:: Record extracts ::
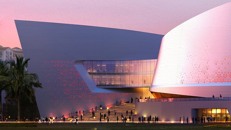 海南省非物質(zhì)文化遺產(chǎn)展示中心項目位于海南省??谑协偵絽^(qū),總建筑面積52180平方米,建筑高度42米,是海南省十大重點公共文化工程首批落地實施項目。該項目為瓊劇院、非遺博物館及藝術(shù)中心三大功能合一的文化綜合體,主要設(shè)有大劇場、實驗小劇場、綜合排演廳、黎錦館、非遺陳列館、非遺體驗傳習(xí)館、非遺傳承人技藝活態(tài)展示館、藝術(shù)中心等多種類型公共文化設(shè)施。
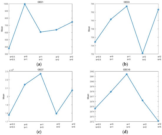 The sensitivity analysis is shown in Figure 4, where the horizontal coordinates indicate the five parameter combinations, and the vertical coordinates indicate the mean values. It can be seen from Figure 4a,c that the algorithm performed optimally when α = 0.5 and β = 0.5. For CEC1, α and β showed a high sensitivity to different inputs. Noting that a = 0.5 and b = 0.5 had the best performance. Moreover, we could see that α = 0.5 and β = 0.5 could obtain the best search performance in CEC7. It is observable in Figure 4b,d that α = 0.5 and β = 0.5 demonstrated the robust behavior of different inputs. For CEC3, from the values displayed in the vertical coordinates, the optimized objective function values obtained for various combinations of a and b were relatively close. Note that α = 0.5 and β = 0.5 obtained second place after α = 2 and β = 2. In CEC10, the performance of α = 2 and β = 5 was better than that of α = 2 and β = 2. However, α = 0.5 and β = 0.5 still achieved second place, showing their robust performance. Therefore, α = 0.5 and β = 0.5 were selected as the recommended parameter values for MDBO.
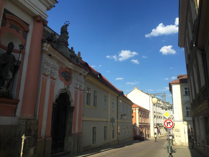 Kutna Hora şehir merkezine geldiğimizde dikkatimizi ilk çeken şey binaların az katlı ve bir o kadar da mistik oluşuydu. Her biri buram buram tarih kokuyordu. Binaların köşelerinde, cam fanusların içindeki aziz heykelleri dikkat çekiciydi.
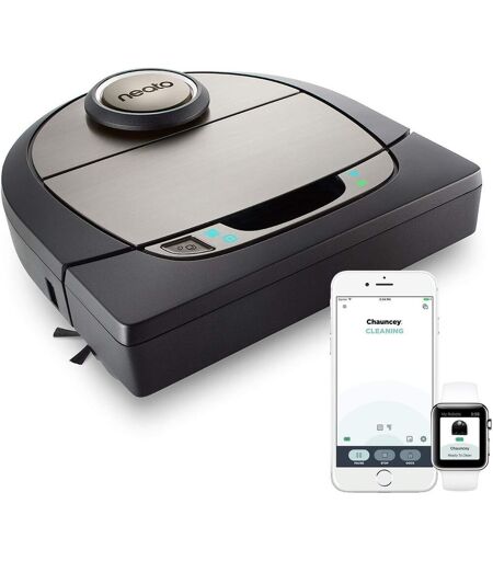 Use the Neato app to start, stop, find, schedule and receive notifications from your intelligent robot vacuum even when you're not home - Total control is at your fingertips Protect valuable decor, pet bowls or heavy messes by creating ""no-go"" lines through the app which work as virtual boundaries so that the automatic vacuum knows what objects or areas to avoid Pet hair, dust and allergens that linger in the home are first to go - The exclusive D-Shape design mimics corners of your home for a prec clean that round-shaped robotic vacuums simply can't do Choose your clean - The Eco option gives a longer, quieter energy-saving clean while Turbo option provides a super-powered cleaning, with imum hair pickup for a deeper clean Even with 120 minutes of run time per charge, the smart vacuum cleaner always goes back to its base to recharge if needed and picks up directly where it left off until the job is done Le service client Neato Robotics est disponible du lundi au vendredi de 9h à 17h au numéro suivant +33 9 75 18 02 96 ...
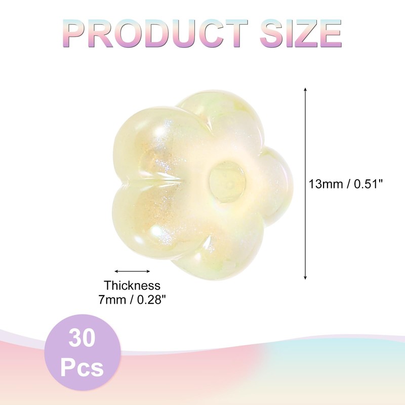 - Color: Green; Material: Plastic; Overall Size: 7mm x 13mm / 0.28" x 0.51" (L*W); Package Content: 30Pcs x Flower Acrylic Beads
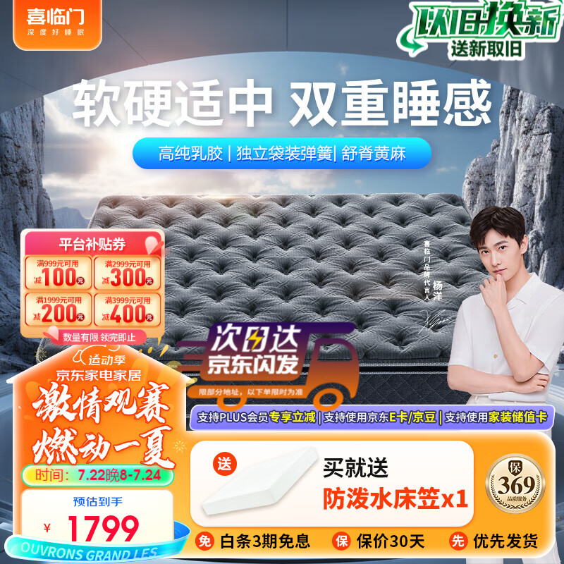 喜临门床垫 进口高纯乳胶 独立弹簧席梦思 黄麻垫 金星knight 1.8x2米价格:1999.00元!
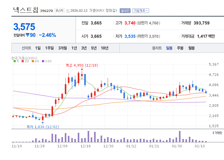 4. 넥스트칩 (396270) – "차량용 AI 반도체 국산화의 선두"
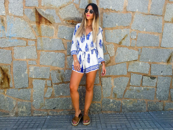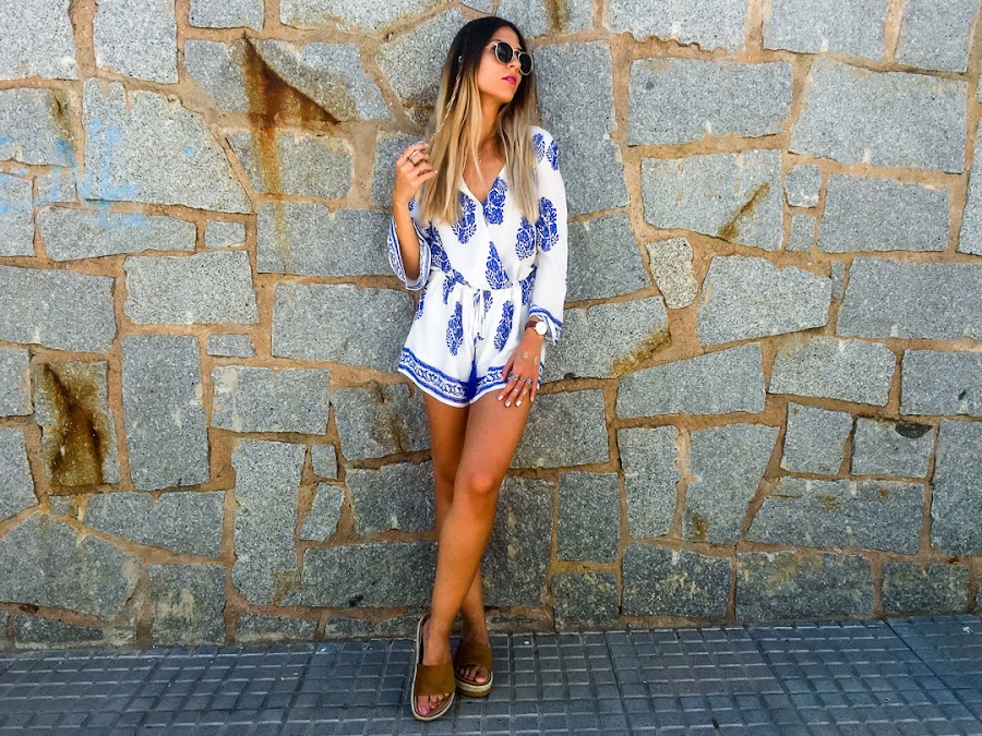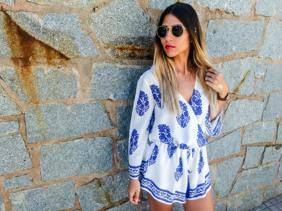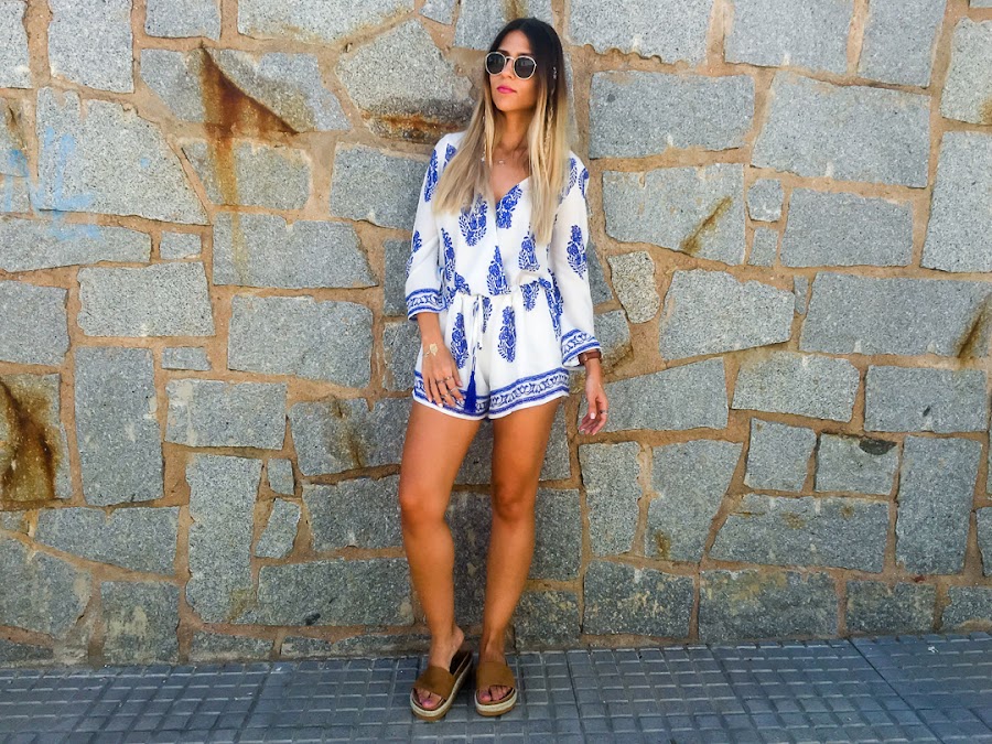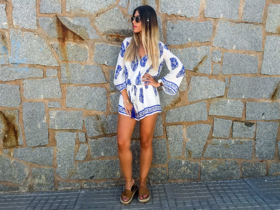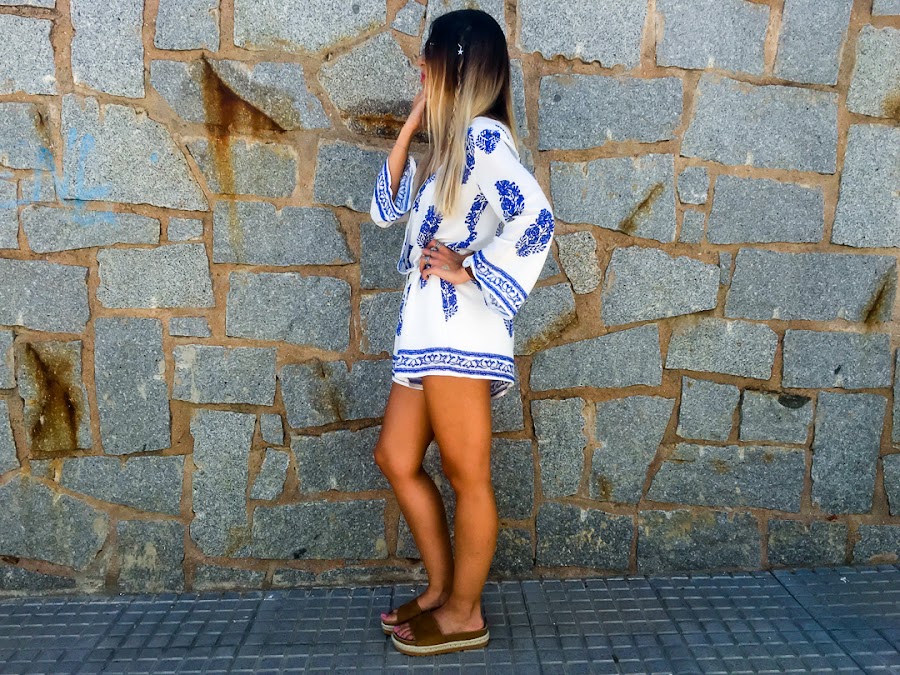 Y vamos a hablar del look de hoy. Os confieso que uno de los estilos que más me gusta para el verano es el estilo boho. Y así es el estilo que he elegido para hoy lunes, para que se nos haga menos pesado. Un mono cortito blanco con estampado de plumas y con goma ajustable en la cintura. La tela es súper fresquita para el verano y es súper cómodo! Es de LOOKBOOK STORE y creo que se ha convertido en la prenda estrella de mi armario.
:::
#### [Work instructions]
Drop the pictures, then transcribe the lines from the one containing "- Color: Green;" to the end of the data above, exactly and nothing more.

#### [Task solution]
 - Color: Green; Material: Plastic; Overall Size: 7mm x 13mm / 0.28" x 0.51" (L*W); Package Content: 30Pcs x Flower Acrylic Beads
 喜临门床垫 进口高纯乳胶 独立弹簧席梦思 黄麻垫 金星knight 1.8x2米价格:1999.00元!
 4. 넥스트칩 (396270) – "차량용 AI 반도체 국산화의 선두"
 Y vamos a hablar del look de hoy. Os confieso que uno de los estilos que más me gusta para el verano es el estilo boho. Y así es el estilo que he elegido para hoy lunes, para que se nos haga menos pesado. Un mono cortito blanco con estampado de plumas y con goma ajustable en la cintura. La tela es súper fresquita para el verano y es súper cómodo! Es de LOOKBOOK STORE y creo que se ha convertido en la prenda estrella de mi armario.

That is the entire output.